= Network-based Call Signaling =

Protocol used with VoIP

Network-based Call Signaling (NCS) is a profile of the Media Gateway Control Protocol (MGCP) for use in PacketCable applications for voice-over-IP.

A network implementing NCS is designed according to the media gateway control protocol architecture for interconnecting a packet network with the traditional public switched telephone network (PSTN). This architecture physically decomposes the functionality of providing complete end-to-end multimedia telecommunication sessions into several discrete components, notably a media gateway (MG) located at the customer premises that performs the physical translation between analog voice or video streams to packetized digital data, and a media gateway controller (MGC) which is a centralized server that controls typically many media gateways and manages the complexity of call setup, resource negotiation, call routing, and tear-down. In addition, the architecture also uses signaling gateways to the traditional telecommunication channels, such as SS7-based networks.

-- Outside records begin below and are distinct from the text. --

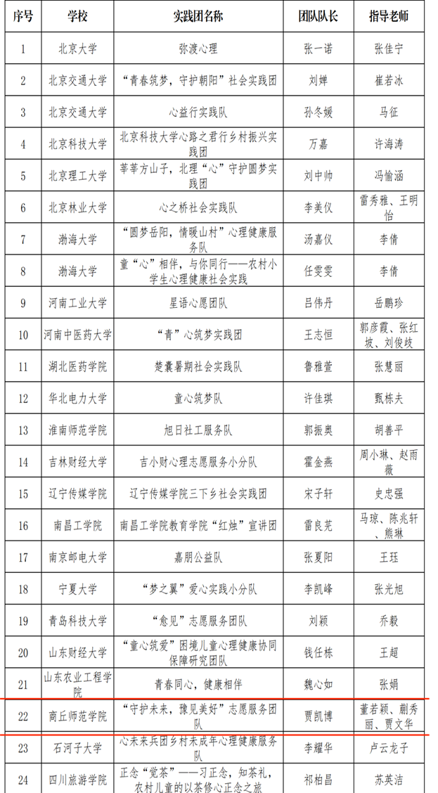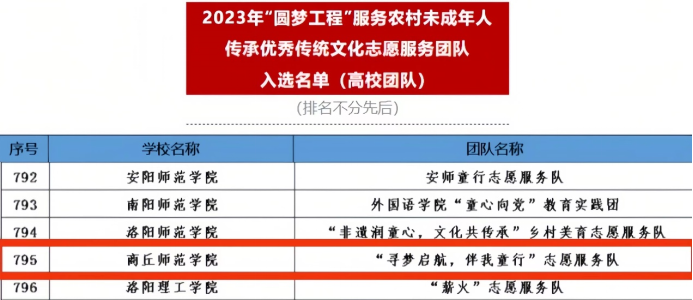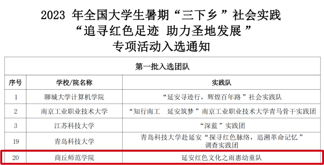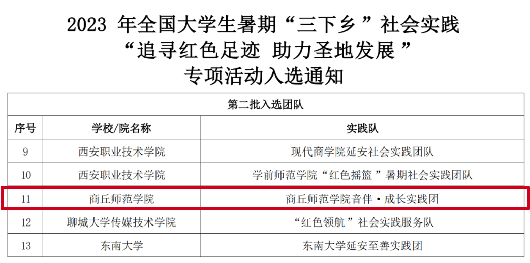 青春三下乡,奋斗正当时,随着社会实践活动,如火如荼的开展,必赢官网多个社会实践团队,接连传来喜讯。必赢官网青年志愿者协会和信息技术学院共同组建的“寻梦启航,伴我童行”志愿服务队入选2023年“圆梦工程”服务农村未成年人传承优秀传统文化志愿服务团队。音乐学院申报的“红色轻骑兵实践团”入选2023年“井冈情·中国梦”大学生暑期实践季专项活动。教师教育学院申报的“延安红色文化之雨惠幼童”实践团队入选第一批“追寻红色足迹 助力圣地发展”三下乡社会实践专项活动。音乐学院、法学院共建的“音伴·成长实践团”入选第二批“追寻红色足迹 助力圣地发展”三下乡社会实践专项活动。教师教育学院“守护未来,豫见美好”志愿服务团队入选2023年“圆梦工程”农村未成年人心理健康教育志愿服务项目大学生暑期心理健康社会实践活动。教师教育学院“童心同行”志愿服务团队入选2023年全国大中专学生“三下乡”社会实践活动之乡村振兴“笃行计划”专项活动全国性示范实践团队。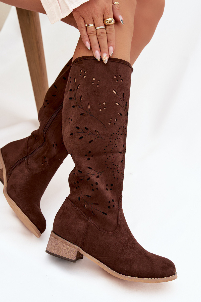 Botas de caña alta de color chocolate para mujer con elementos de encaje Helinna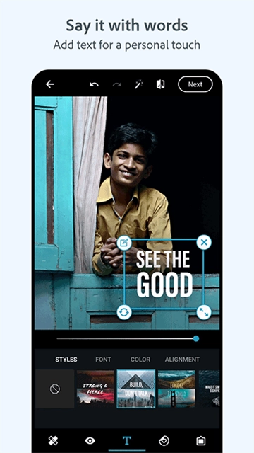 ps软件是Adobe公司为终端用户开发的图片编辑工具,专门为Android用户提供了便捷高效的图像处理功能。它具备裁剪、旋转、色彩调整、滤镜应用、文字添加等丰富功能,用户通过拖动、缩放就能直观调整图像的尺寸与位置,也能借助各类滑块精细调节亮度、对比度、饱和度和色调。此外,软件还包含去除红眼、修复图像瑕疵、添加边框等进阶功能,助力用户精准掌控图片编辑效果。同时,它支持一键分享至社交媒体平台,也能直接保存到图库,方便用户快速分享自己的编辑成果。感兴趣的朋友不妨体验一下!

Like MGCP, NCP is a device control protocol defining the interaction between the MGC, also called a call agent, and its media gateways. It is one layer of the PacketCable suite of specifications and relies upon companion protocol specifications to provide complete end-to-end telecommunication functionality.

Network-based Call Signaling is a modification of the Media Gateway Control Protocol (MGCP).

NCS provides a PacketCable profile of an application programming interface (MGCI), and a corresponding protocol (MGCP) for controlling voice-over-IP (VoIP) embedded clients from external call control elements. An embedded client is a network element that provides:
- Two or more traditional analog (RJ11) access lines to a packet-based telecommunication network.
- Optionally, one or more video lines to a VoIP network

MGCI functions provide for connection control, endpoint control, auditing, and status reporting. They each use the same system model and the same naming conventions.

The modification of MGCP in the NCS profile include the following: NCS only aims at supporting PacketCable-embedded clients. Functionality present in the MGCP 1.0 protocol, which was superfluous to NCS, has been removed. It contains extensions and modifications to MGCP. However, the MGCP architecture, and all of the MGCP constructs relevant to embedded clients, are preserved in NCS. The NCS protocol contains minor simplifications of MGCP 1.0.